El 7 de marzo de 2007 se publicó el nombramiento de los seis funcionarios ingenieros de montes encargados del servicio de extinción en las distintas zonas de Tenerife, entre ellos el director del Comité Insular de Emergencia por Incendio Forestal, Humberto Gutiérrez. El Cabildo adjudicó el 16 de abril el contrato de servicio para el refuerzo del operativo de extinción de incendios a la unión temporal de empresas (UTE) formada por Einfor, Europa Agroforestal y Consultoría Natutecnia, por un importe de 1,4 millones de euros. El 27 de julio, tres días antes del incendio, adjudicó por otros 750.000 euros un proyecto de selvicultura en la red principal de fajas auxiliares en la Corona Forestal para prevenir los incendios, y aprobó un proyecto de ordenación de combustible en las áreas cortafuegos por otros 183.000 euros, para desbroce de matorral, fayal-brezal y tratamiento de Monteverde. Una vez extinguido el incendio, el Cabildo anunció a los afectados la contratación masiva de «restauradores» forestales, y Humberto Gutiérrez afirmó que tendría que invertir otro millón de euros en la contratación de empresas especializadas en limpieza de cauces de barrancos y en labores contra inundaciones. Las actuaciones forestales contratadas por el Cabildo a empresas privadas podrían sumar en 2007 casi tres millones y medio de euros (más de 500 millones de pesetas). Con esos antecedentes, la intervención frente al conato inicial parece haber sido tan negligente que los afectados quizá deberían investigar las relaciones y posibles conflictos de intereses entre el servicio público de extinción de incendios y los servicios privados subcontratados, por si hubiera lugar a una reclamación por daños y perjuicios. No es el pirómano, sino el clima. Pero el clima en condiciones neoliberales es todavía más incendiario, como asumió la reforma de la Ley de Montes al prohibir la especulación con los terrenos y la madera de las zonas incendiadas, por ser motivo de fuegos intencionados. Hay que asumir también que la prevención y extinción es otro uso económico del monte, cuya actividad depende del fuego, y empezar a pensar en cómo «vigilar al vigilante».
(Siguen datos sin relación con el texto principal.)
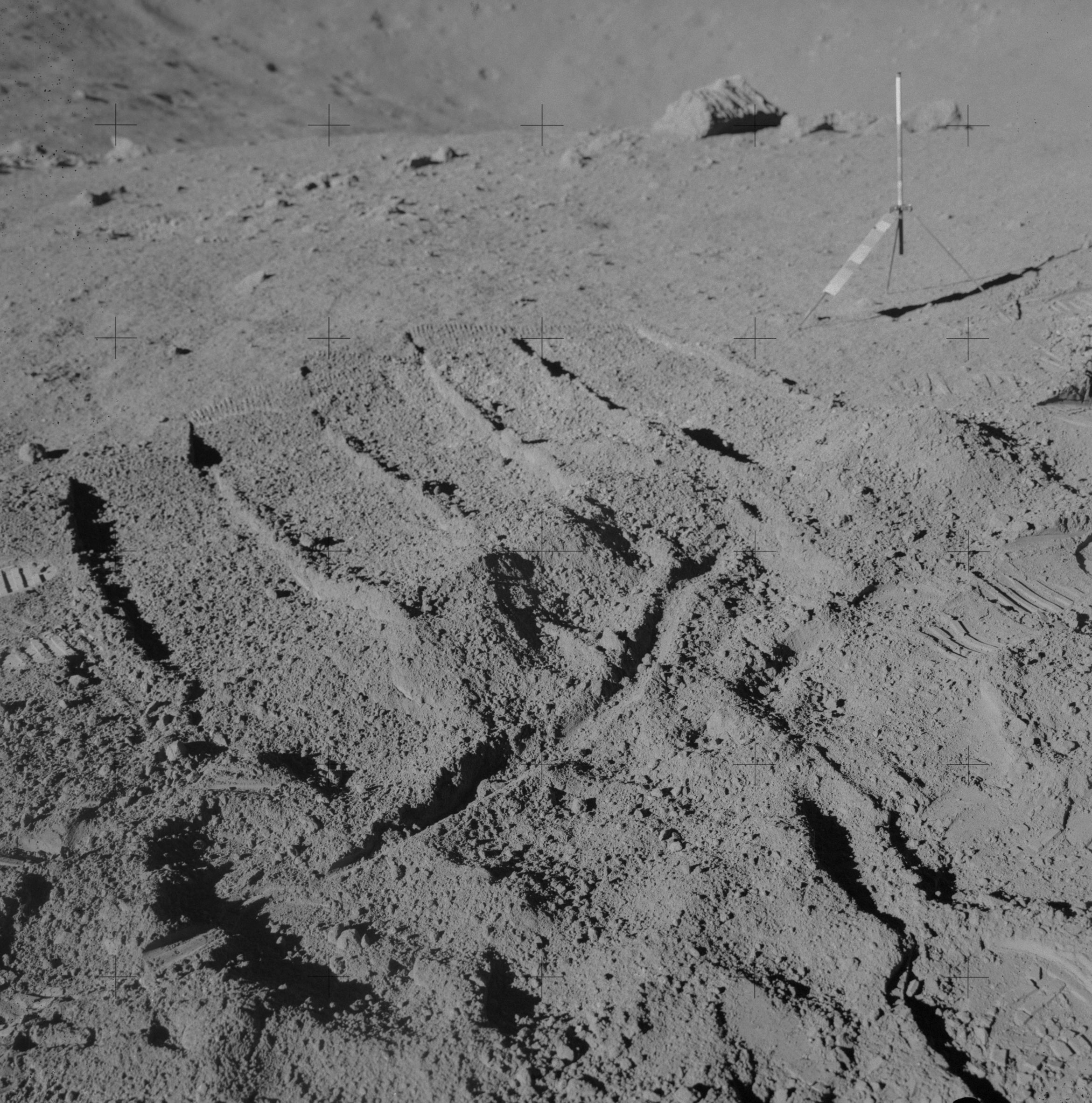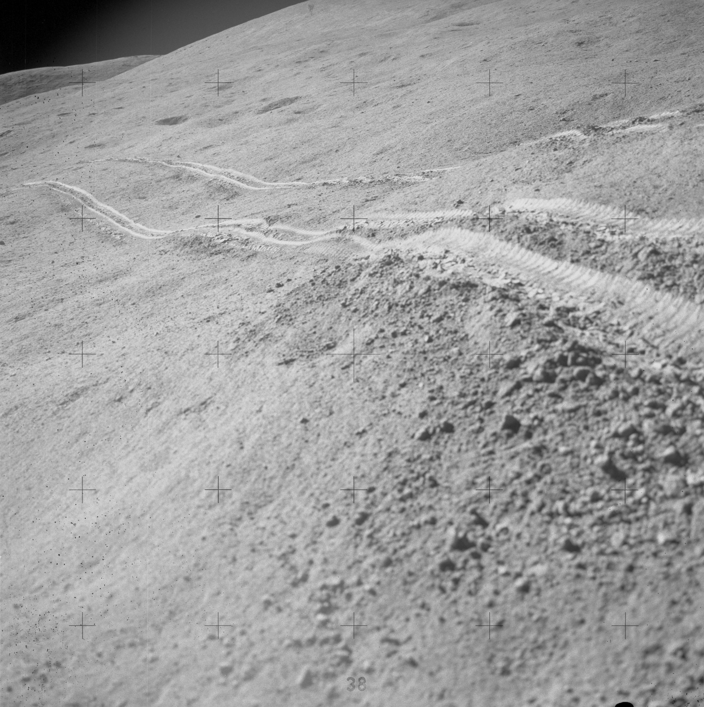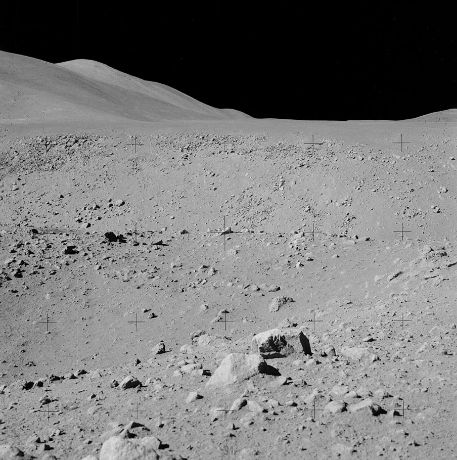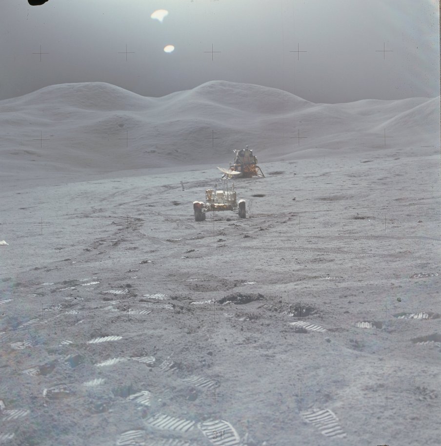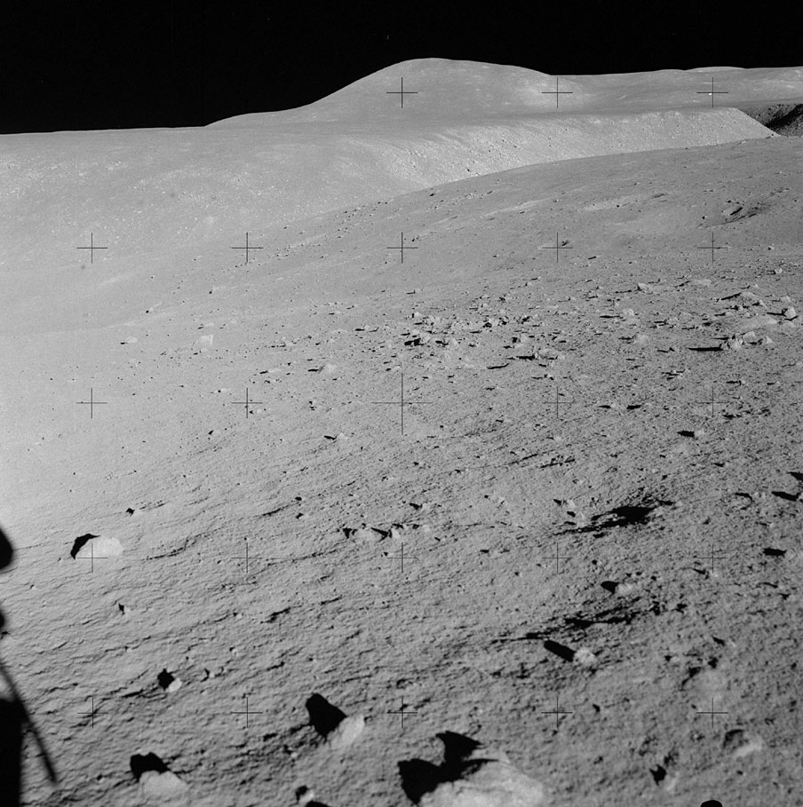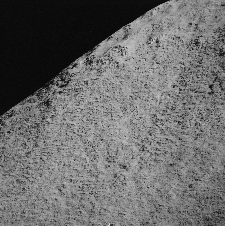 Stephen Tellier scanned a portion of Pan Camera frame 9798, which was taken during CSM Rev 38 at about 151:37. At that time, Dave and Jim were in the LM after the completion of EVA-2. A prominent feature of this image is the darkening of the soil around the LM and along a corridor extending from the LM toward 11 o'clock. See a comparison with frame 9377 by Markus Mehring, who has processed the images to account for differing orientations, different scales due to differing CSM-LM ranges, and different foreshortening due to differing CSM elevation angles. As Jack Schmitt discusses in the Apollo 17 commentary, the surface around the LM became brighter after being swept by the descent engine exhaust. As can be seen in photos taken on the surface, areas subsequently disturbed by the astronauts became relatively dark again. At locations relatively far from the LM, disturbed soil had the same brightness as undisturbed soil, another indication of brightening due to the engine exhaust.Rev. 50 Pan Camera 9809, North Detail ( 332k )

«El que lo hizo, eligió el peor momento y el peor sitio», concluía Jesús Agüera, jefe del Grupo de Predicción de Canarias del Instituto Nacional de Meteorología (INM). Si dentro de los tres últimos años se han dado los dos años más cálidos de los últimos 30, en adelante debemos prepararnos para índices de peligro de incendio recurrentes, aunque el combustible de nuestros bosques ya se haya consumido en las áreas quemadas (que es una ventaja, pero también un riesgo de degradación y avenidas). Grandes lluvias y grandes olas de calor tienen una causalidad común, con cantidades de energía acrecentadas puntualmente por el calentamiento global. Según el INM, en 2003 se vivió en la Península una ola de calor con máximos muy por encima de los conocidos desde 1961. En 2004 la media de máximas fue el máximo valor desde 1920 en Santa Cruz de Tenerife y en Izaña, y en las cuatro islas occidentales se llegaron a alcanzar valores medios de carácter extremadamente cálido, es decir, con temperaturas medias invernales superiores a cualquier invierno del Periodo de Referencia (1971-2000). Lo mismo ocurrió en 2005 en las islas orientales. Al mismo tiempo, hubo lluvias que alcanzaron valores de muy húmedo, e incluso de extremadamente húmedo en algunas de las islas más occidentales. Durante la ola de calor de julio pasado se superaron los registros de temperatura máxima absoluta para julio en el aeropuerto de Reina Sofía en Tenerife, que llegó a 42,9ºC el día 29 y en el aeropuerto de La Palma con 38,4ºC el día 30. En contraste, la precipitación registrada (7 mm) en Los Rodeos superó el valor medio del mes y en El Hierro se registraron temperaturas muy húmedas.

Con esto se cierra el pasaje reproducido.